» **Records shown**:
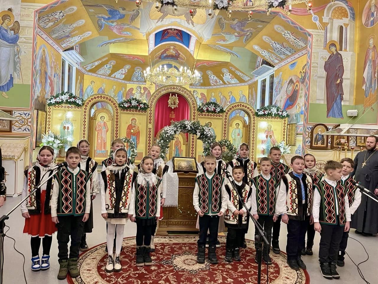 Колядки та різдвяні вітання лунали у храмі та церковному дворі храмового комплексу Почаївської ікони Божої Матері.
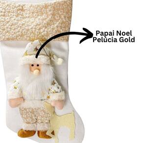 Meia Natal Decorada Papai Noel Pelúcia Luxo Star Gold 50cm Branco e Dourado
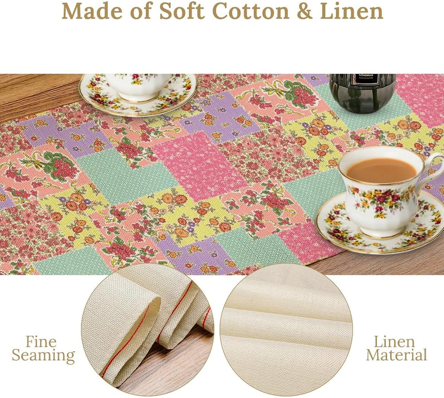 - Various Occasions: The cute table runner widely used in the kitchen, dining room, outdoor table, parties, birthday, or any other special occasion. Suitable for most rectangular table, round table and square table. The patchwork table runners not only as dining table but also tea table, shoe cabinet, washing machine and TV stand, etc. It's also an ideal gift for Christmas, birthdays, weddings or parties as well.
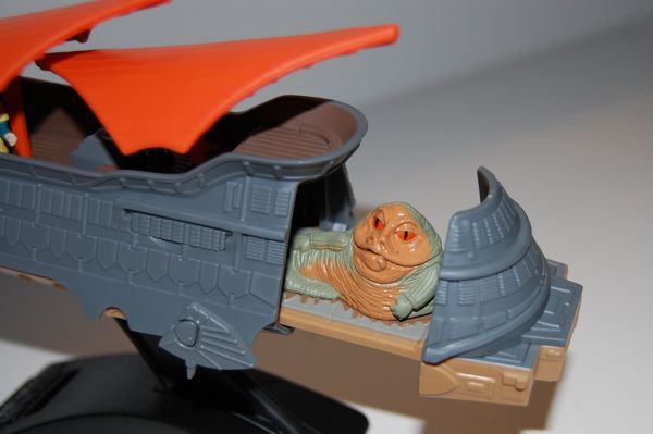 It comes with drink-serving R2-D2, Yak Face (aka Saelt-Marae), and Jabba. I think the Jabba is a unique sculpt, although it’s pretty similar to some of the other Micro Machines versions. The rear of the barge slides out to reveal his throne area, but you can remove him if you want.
* * *
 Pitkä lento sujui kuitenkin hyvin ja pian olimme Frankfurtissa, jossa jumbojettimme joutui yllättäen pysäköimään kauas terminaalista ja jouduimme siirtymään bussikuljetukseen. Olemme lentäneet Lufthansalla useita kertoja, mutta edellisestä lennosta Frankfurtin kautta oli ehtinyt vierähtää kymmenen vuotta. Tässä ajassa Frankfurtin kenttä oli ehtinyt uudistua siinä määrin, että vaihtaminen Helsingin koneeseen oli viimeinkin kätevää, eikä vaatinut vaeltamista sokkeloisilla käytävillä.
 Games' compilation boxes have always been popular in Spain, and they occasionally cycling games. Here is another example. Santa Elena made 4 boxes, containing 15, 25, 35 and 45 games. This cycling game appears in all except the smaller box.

» **Your objective**:
Although pictures appear among the entries, please set down only the lines from the one with "Колядки та різдвяні" up to and including the one with "- Various Occasions: The", word for word.

» **Reply to the task**:
 Колядки та різдвяні вітання лунали у храмі та церковному дворі храмового комплексу Почаївської ікони Божої Матері.
 Meia Natal Decorada Papai Noel Pelúcia Luxo Star Gold 50cm Branco e Dourado
 - Various Occasions: The cute table runner widely used in the kitchen, dining room, outdoor table, parties, birthday, or any other special occasion. Suitable for most rectangular table, round table and square table. The patchwork table runners not only as dining table but also tea table, shoe cabinet, washing machine and TV stand, etc. It's also an ideal gift for Christmas, birthdays, weddings or parties as well.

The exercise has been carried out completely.